Before you write out the listing, remove the pictures; everything else stays exactly as it is.
BEGIN DATASET SECTION
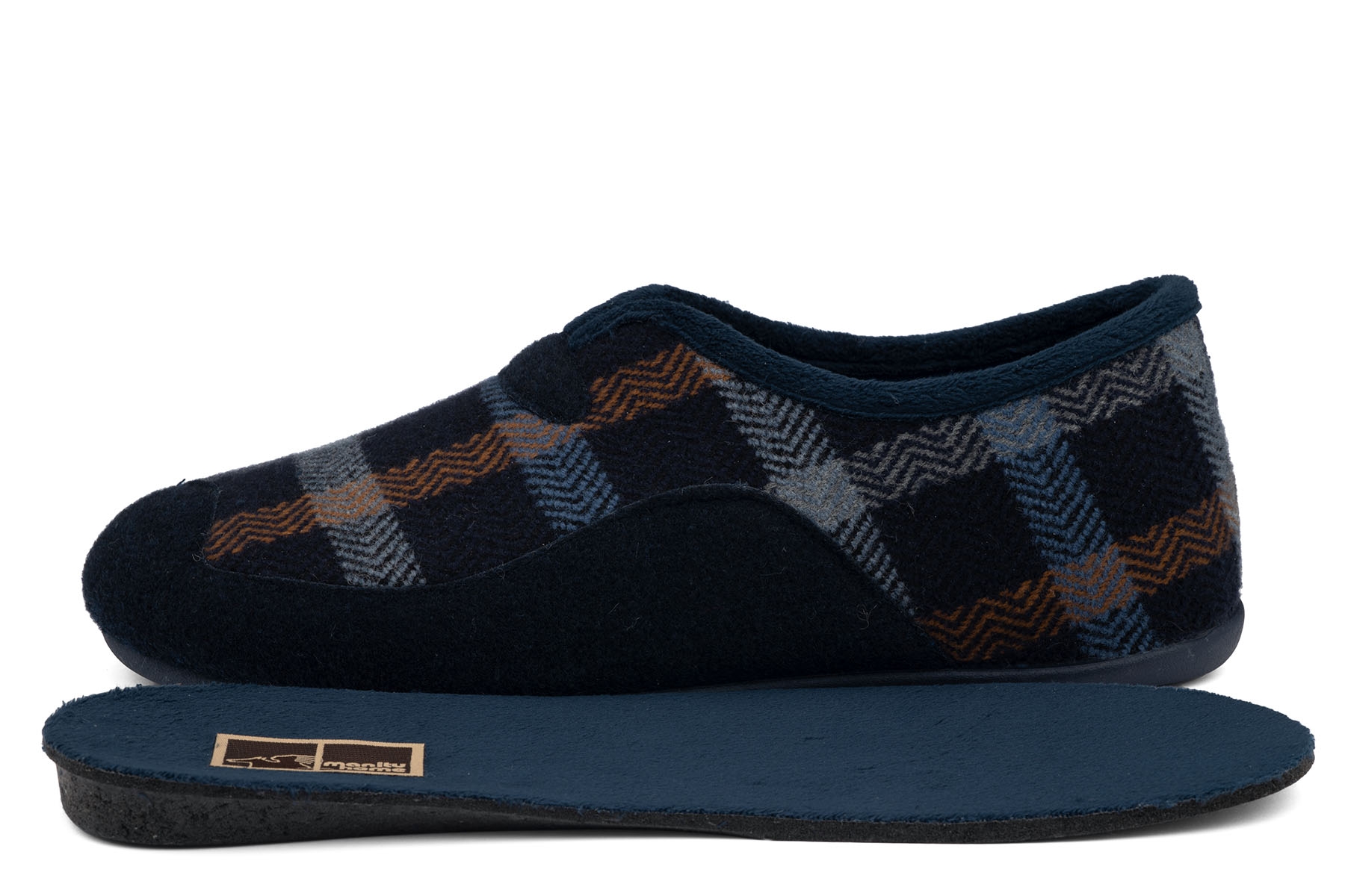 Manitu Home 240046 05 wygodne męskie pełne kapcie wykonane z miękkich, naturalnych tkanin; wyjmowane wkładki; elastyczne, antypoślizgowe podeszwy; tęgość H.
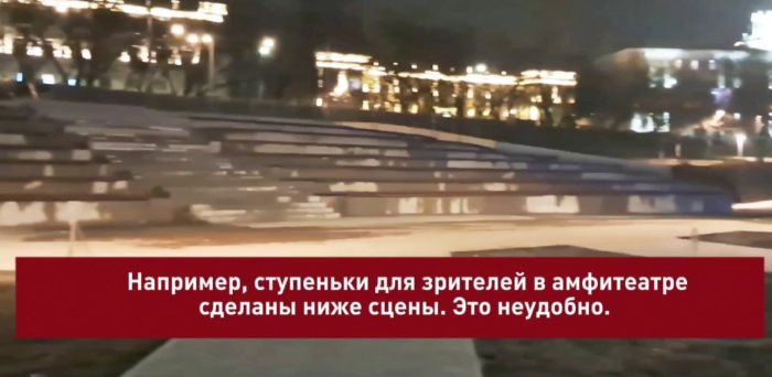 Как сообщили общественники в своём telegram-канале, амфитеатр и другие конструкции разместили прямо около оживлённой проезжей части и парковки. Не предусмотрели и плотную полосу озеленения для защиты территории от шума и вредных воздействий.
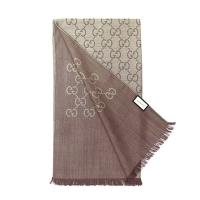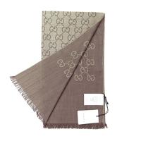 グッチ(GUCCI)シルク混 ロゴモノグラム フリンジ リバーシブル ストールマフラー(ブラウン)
END DATASET SECTION
◆ **SOLUTION**:
 Manitu Home 240046 05 wygodne męskie pełne kapcie wykonane z miękkich, naturalnych tkanin; wyjmowane wkładki; elastyczne, antypoślizgowe podeszwy; tęgość H.
 Как сообщили общественники в своём telegram-канале, амфитеатр и другие конструкции разместили прямо около оживлённой проезжей части и парковки. Не предусмотрели и плотную полосу озеленения для защиты территории от шума и вредных воздействий.
 グッチ(GUCCI)シルク混 ロゴモノグラム フリンジ リバーシブル ストールマフラー(ブラウン)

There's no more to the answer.